What you are asked to do
From the first line to the last, copy the listing exactly and omit the images.

Data
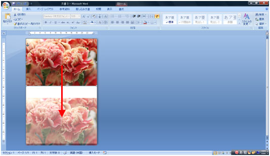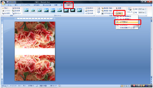 2つ折りにした際に写真の向きが正しくなるように、上の写真を上下反転します。 写真を選択し[書式]タブ→[回転]ボタン→[上下反転]をクリックします。
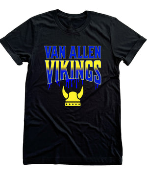 Show off your Viking pride with the Van Allen Vikings Drip shirt! This playful design blends bold style and school spirit, perfect for standing out at school or casual hangouts. Comfortable and eye-catching, it’s a fun way to celebrate your school with a fresh, modern twist.
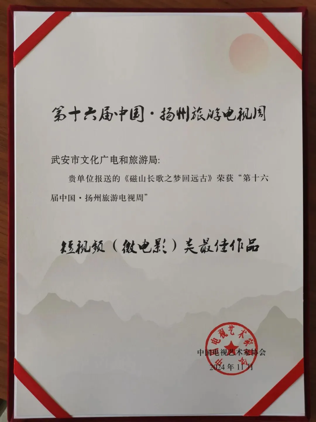 日前,由中国电视艺术家协会主办的“第十六届中国旅游电视周”颁奖活动在江苏扬州市举行。河北省8部作品获奖,其中邯郸武安市微短剧《磁山长歌·梦回远古》获短视频(微电影)类最佳作品奖。
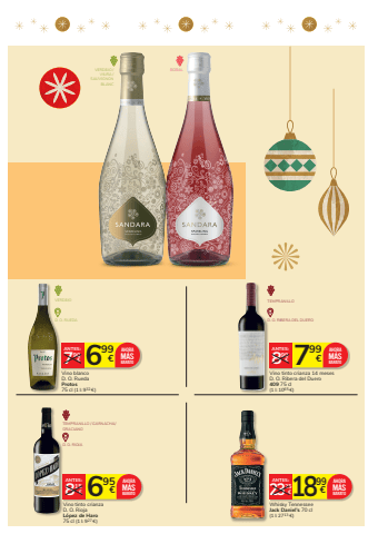 699 7 %u20ac 90%u20acANTES:Vino blanco D. O. Rueda Protos75 cl (1 l: 932 %u20ac)AHORAM%u00c1SBARATOVERDEJOD. O. RUEDAVERDEJO /VIURA /SAUVIGNONBLANCBOBAL1899 23 %u20ac 25%u20acANTES:Whisky Tennessee Jack Daniel%u2019s 70 cl(1 l: 2713 %u20ac)AHORAM%u00c1SBARATO799 8 %u20ac 99%u20acANTES:Vino tinto crianza 14 mesesD. O. Ribera del Duero409 75 cl(1 l: 1065 %u20ac)AHORAM%u00c1SBARATO695 8 %u20ac 15%u20acANTES:Vino tinto crianzaD. O. RiojaL%u00f3pez de Haro75 cl (1 l: 927 %u20ac)AHORAM%u00c1SBARATOTEMPRANILLO / GARNACHA/GRACIANOD. O. RIOJATEMPRANILLOD. O. RIBERA DEL DUERO

Answer
 2つ折りにした際に写真の向きが正しくなるように、上の写真を上下反転します。 写真を選択し[書式]タブ→[回転]ボタン→[上下反転]をクリックします。
 Show off your Viking pride with the Van Allen Vikings Drip shirt! This playful design blends bold style and school spirit, perfect for standing out at school or casual hangouts. Comfortable and eye-catching, it’s a fun way to celebrate your school with a fresh, modern twist.
 日前,由中国电视艺术家协会主办的“第十六届中国旅游电视周”颁奖活动在江苏扬州市举行。河北省8部作品获奖,其中邯郸武安市微短剧《磁山长歌·梦回远古》获短视频(微电影)类最佳作品奖。
 699 7 %u20ac 90%u20acANTES:Vino blanco D. O. Rueda Protos75 cl (1 l: 932 %u20ac)AHORAM%u00c1SBARATOVERDEJOD. O. RUEDAVERDEJO /VIURA /SAUVIGNONBLANCBOBAL1899 23 %u20ac 25%u20acANTES:Whisky Tennessee Jack Daniel%u2019s 70 cl(1 l: 2713 %u20ac)AHORAM%u00c1SBARATO799 8 %u20ac 99%u20acANTES:Vino tinto crianza 14 mesesD. O. Ribera del Duero409 75 cl(1 l: 1065 %u20ac)AHORAM%u00c1SBARATO695 8 %u20ac 15%u20acANTES:Vino tinto crianzaD. O. RiojaL%u00f3pez de Haro75 cl (1 l: 927 %u20ac)AHORAM%u00c1SBARATOTEMPRANILLO / GARNACHA/GRACIANOD. O. RIOJATEMPRANILLOD. O. RIBERA DEL DUERO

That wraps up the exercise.